Jakarta, Aktual.co — Aneka barang hasil kerja kreatif terbuat dari daun meramaikan Festival Hijau di Kabupaten Waykanan Provinsi Lampung yang diselenggarakan Forum Komunitas Hijau bekerja sama dengan pemerintah kabupaten setempat.
Festival Hijau yang digelar di Lapangan Sriwijaya Baradatu, Waykanan, Jumat (7/11), ditampilkan produk kreativitas pelajar, antara lain topi, pakaian hingga reog yang dibuat dari beragam jenis daun, seperti daun nangka, pisang, jati, kelapa hingga daun kunyit.
“Pas dan seru, saya tidak malu mengenakan pakaian terbuat dari daun,” ujar Elpin, pengajar SDN Tiuh Balakpasar Baradatu.
Dalam kegiatan ini, komunitas sepeda ontel juga tampil dengan mengenakan pakaian veteran.
“Terima kasih sudah berpartisipasi membuat bumi ijo royo-royo. Ramaikan kegiatan ini dengan bersuka cita,” ujar Bupati Waykanan Bustami Zainudin dalam festival yang dihadiri sekitar 5.000 orang pelajar, guru, PNS dan masyarakat umum itu pula.

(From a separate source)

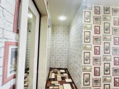 Выполнен косметический ремонт с натяжными потолками, уложен линолеум, установлены пластиковые окна и новые межкомнатные двери. Санузел отделан кафельной плиткой, балкон застеклен.

Peserta kegiatan ini, menurut M Thohir, Ketua Forum Komunitas Hijau Waykanan, antara lain komunitas sepeda dari sejumlah sekolah dan utusan 14 kecamatan se-Kabupaten Waykanan.
“Kemudian karnaval ceria perwakilan dari seluruh SD dan SMP sederajat di Baradatu dan sekitarnya,” kata Thohir lagi.
Para pelajar antusias menabuh kentongan, drumband dan alat musik yang terbuat dari beragam kaleng bekas.
Pendidikan Lingkungan Festival Hijau Waykanan yang melibatkan kalangan pelajar itu, mendapatkan apresiasi dari berbagai pihak.
“Pendidikan lingkungan bagi pelajar di sekolah itu penting dan sangat diperlukan untuk mengenalkan sejak dini tentang pelestarian lingkungan hidup,” ungkap Konsultan Kementerian Pekerjaan Umum (Kemen PU) Firmansyam.
“Pendidikan lingkungan dan etika itu penting diberikan kepada pelajar maupun generasi muda, sehingga dapat berperilaku yang baik sehari-hari, seperti tidak membuang sampah sembarangan yang juga menunjukkan perilaku kurang bermoral,” kata Firmansyam pula.
Pendidikan dan pemahaman pelajar akan lingkungan hidup, demikian Firmansyam, akan lebih baik jika sejak dini disampaikan.
“Mereka harus tahu betul itu, pendidikan lingkungan hidup merupakan program keberlanjutan yang berorientasi ke depan. Saat sudah dewasa, alam bawah sadarnya tidak di situ. Harus ada kesadaran sampah menjadi sahabat kita, dan tumbuhan memberikan sumbangan tanpa pamrih,” sambungnya.
Pelajar harus menyadari perlu hemat listrik, kata Firmansyam lagi. Lampu yang menyala percuma, katanya pula, berarti menghambur-hamburkan biaya.
“Ketika listrik dipakai, ada sumber daya lain digunakan, yaitu sumber daya alam,” katanya.
Kegiatan Festival Hijau yang digelar Forum Komunitas Hijau (FKH) Waykanan di Lapangan Sriwijaya Baradatu, menurut Firmansyam merupakan bagian dari Program Pengembangan Kota Hijau (P2KH).
“Intinya, sebuah kota harus mengembangkan konsep hijau, antara lain ada komunitas hijau. Kegiatan ini juga untuk menyadarkan masyarakat perlu kota hijau, orang tidak membuang sampah sembarang, dan peran komunitas sangat besar, tidak mungkin tidak hanya menjadi tugas pemerintah saja,” terang Firmansyam lagi.